Materials and Methods
Bacteria and mice
B. bronchiseptica strains RB50 (wild type), WD3 (ΔbscN), and RB58 (ΔcyaA) were all previously described (7, 21, 22). Before each experiment, a single colony was inoculated in Stainer-Scholte liquid medium and cultured overnight at 37°C with aeration. Before infection, bacteria were subcultured 1/20 into fresh Stainer-Scholte medium, grown at 37°C for 2.5–3 h. Heat-killed bacteria were obtained by incubation at 65°C for 30 min. C57BL/6 mice aged 6–10 wk were obtained from the National Cancer Institute (Frederick, MD) and housed in insulator cages and cared for in accordance with Institutional Animal Care and Use Committee-approved protocols at the University of Pennsylvania School of Medicine animal facility.
Reagents and Abs
All Abs and kits were acquired from BD Pharmingen (San Diego, CA), except polyclonal phosphospecific ERK 1/2 and p38 Abs from Cell Signaling Technology (Beverly, MA). The mAbs were directly labeled with FITC, PE, or APC. In all experiments, nonspecific binding of mAbs to FcγRIII/II was blocked with unlabeled FcγRIII/II Ab. Cells were left unblocked when the surface expression of FcγRIII/II was assayed with a FITC-labeled FcγRIII/II Ab.
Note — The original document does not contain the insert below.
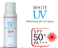
ピオ・プラントUVカットスプレー SPF50+ PA+++ 80g *薬用美白・日焼け止めスプレー【医薬部外品】

美白をしながら、大胆UVカット!ピオ・プラントUVカットスプレーは1本で全身ケアが可能な薬用美白・日焼け止めスプレーです。紫外線予防と美白効果をダブルで実感できます。

BMDC preparation and infection
BMDCs were generated using methods reported by Lutz et al. (23). Briefly, bone marrow from C57BL/6 mice was cultured in RPMI 1640 supplemented with 10% FBS (HyClone, Logan, UT), 2-ME (Sigma-Aldrich, St. Louis, MO), 2 mM l-glutamine (Invitrogen Life Technologies, Carlsbad, CA), 100 U/ml penicillin, 10 μg/ml streptomycin (Invitrogen Life Technologies), and 20 ng/ml murine rGM-CSF (PeproTech, Rocky Hill, NJ) for 10 days. Day 10 BMDCs were washed and resuspended to 2 × 106 DC/ml in growth medium containing 20 ng/ml GM-CSF. Log phase wild-type, type III mutant, or ACT mutant bacteria were added to BMDCs (multiplicity of infection (MOI) = 1–50). Alternatively, BMDCs were treated with 50 μg/ml LPS (Escherichia coli serotype 0127:B8) (Sigma-Aldrich) or left untreated. Then 4 × 105 BMDCs were aliquoted into a 96-well plate. BMDCs were cultured in vitro at 37°C and 5% CO2. Gentamicin (Sigma-Aldrich) was added at indicated time points to kill extracellular bacteria.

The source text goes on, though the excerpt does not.